Abstract and Introduction

Abstract

Our understanding of the role of zinc in normal human physiology is constantly expanding, yet there are major gaps in our knowledge with regard to the function of zinc in wound healing. This review aims to provide the clinician with sufficient understanding of zinc biology and an up-to-date perspective on the role of zinc in wound healing. Zinc is an essential ion that is crucial for maintenance of normal physiology, and zinc deficiency has many manifestations ranging from delayed wound healing to immune dysfunction and impairment of multiple sensory systems. While consensus has been reached regarding the detrimental effects of zinc deficiency on wound healing, there is considerable discord in the literature on the optimal methods and true benefits of zinc supplementation.

Introduction

Zinc, a trace element, is the most abundant intracellular metal and the second most abundant in the body overall after iron. The essential role of zinc in growth was first discovered in 1869 in the fungus Aspergillus niger.[1] In 1926 zinc was found to be endogenously present in human tissues and it was suggested that it possibly served crucial biological roles.[2,3] A significant zinc-biochemistry discovery occurred in 1939 when erythrocyte carbonic anhydrase, the enzyme responsible for the rapid and reversible conversion of carbon dioxide and water to bicarbonate and protons, was shown to require zinc for enzymatic activity.[4] Another landmark discovery was of the "zinc finger domain" in proteins, a highly conversed sequence allowing for the interaction of proteins with nucleic acids.[5] Using a bioinformatics approach encompassing genomics, proteomics, and zinc-protein interactions, researchers have identified more than 3000 unique human zinc proteins, suggesting that more than 10% of the human genome encodes zinc proteins.[6–8]

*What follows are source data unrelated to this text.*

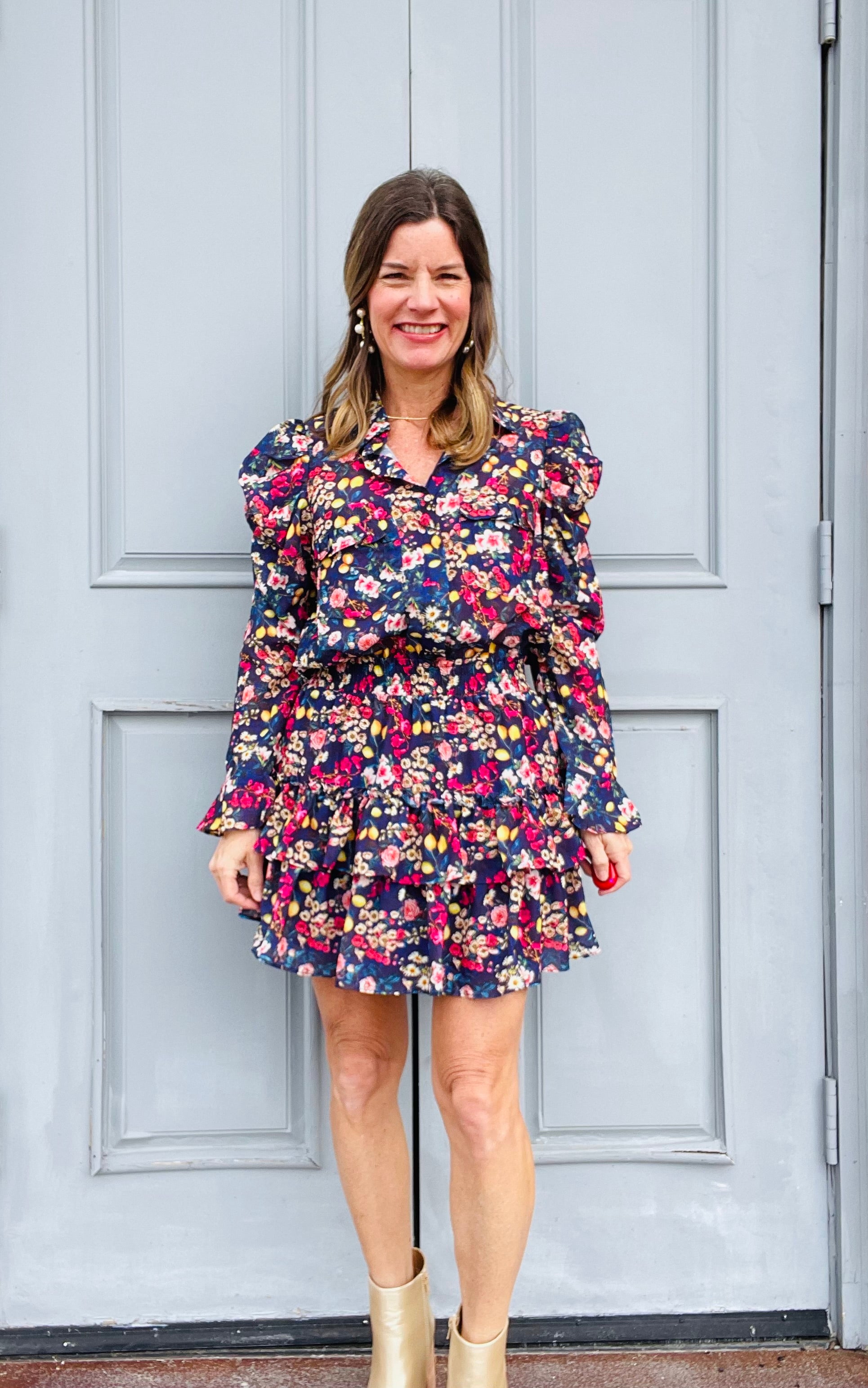 Adorned with intricate holiday florals, this mini dress is a true masterpiece. Crafted with premium materials, it boasts elegance and grace. Perfect for any holiday occasion, this mini dress is a must-have for the sophisticated and exclusive.
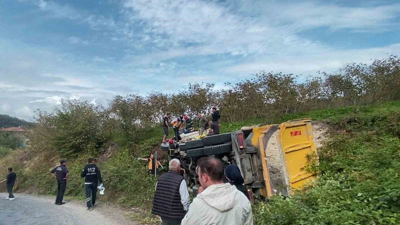 Kaza, Cevizdere Mahallesi Başköy yolu üzerinde meydana geldi. Edinilen bilgiye göre, Ünye ilçe merkezine seyir halinde olan Samet A. idaresindeki kil yüklü kamyon, kontrolden çıkarak devrildi. Kazayı gören çevredeki vatandaşlar durumu 112 Acil Çağrı Merkezi’ne bildirdi. Olay yerine jandarma, sağlık ve Ordu Büyükşehir Belediyesi’ne bağlı Ünye İtfaiye Amirliği ekipleri sevk edildi. İtfaiye ekipleri, araç içerisinde sıkışan kamyon sürücüsü Samet A.’yı bulunduğu yerden çıkararak sağlık ekiplerine teslim etti. Kazada yaralanan sürücü ve Yusuf Ö., olay yerinde yapılan ilk müdahalenin ardından Ünye Devlet Hastanesine kaldırılarak tedavi altına alındı. Yaralıların sağlık durumlarının iyi olduğu öğrenilirken, kazayla ilgili inceleme başlatıldı.
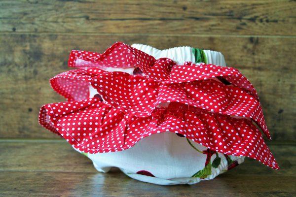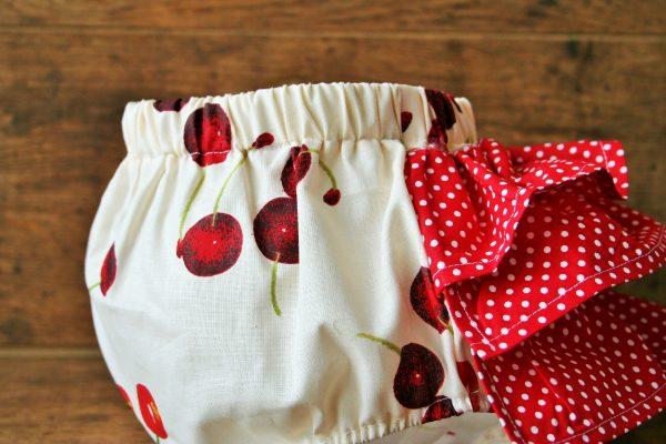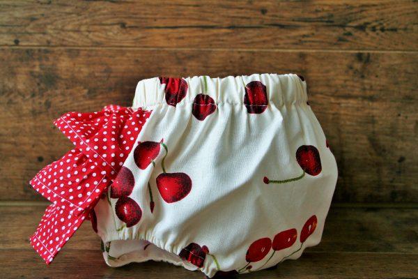Pamutkarton anyagból készült pelenkabugyi, piros pöttyös fodorral. Könnyű nyári viselet, a bugyi miatt a szoknya könnyedén viselhető. A webshopunkban többféle mintában kínálunk pelenkabugyit. Ideális választás babafotózáshoz, retro hangulatot idéző meggyes mintával.
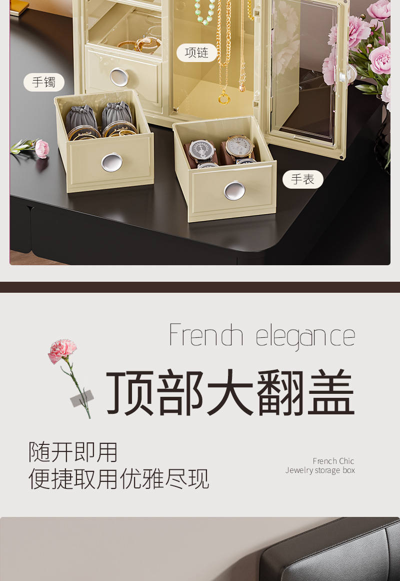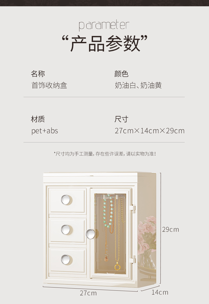 颜色 首饰收纳盒【奶黄*透明抽屉】,首饰收纳盒【奶白*透明抽屉】,首饰收纳盒【奶黄*实色抽屉】,首饰收纳盒【奶白*实色抽屉】

Transport, storage, and sensing zinc. The 3000 known zinc proteins are essential in enzymatic and structural roles, transport and storage, DNA repair, replication, and translation.[8] Given the overwhelming importance of zinc in innumerable physiologic processes, there must be specific mechanisms in place to ensure sufficient intracellular zinc concentrations. More than 3 dozen proteins regulate intracellular zinc concentrations, including the 14 members of the ZRT/IRT-like protein (ZIP) family (SLC39A) that function to increase intracellular zinc concentrations and the 10 members of the zinc transporter (ZnT) family (SLC30A) that decrease intracellular zinc concentrations.[9] These transporters are responsible for the movement of zinc into the cytosol via the plasma membrane and to various intracellular compartments. In addition, the metallothionein (MT) family of proteins is a class of cytosolic proteins responsible for binding free zinc. The expression of ZIP and ZnT transporters is heavily regulated transcriptionally, translationally, and posttranslationally.[10–12]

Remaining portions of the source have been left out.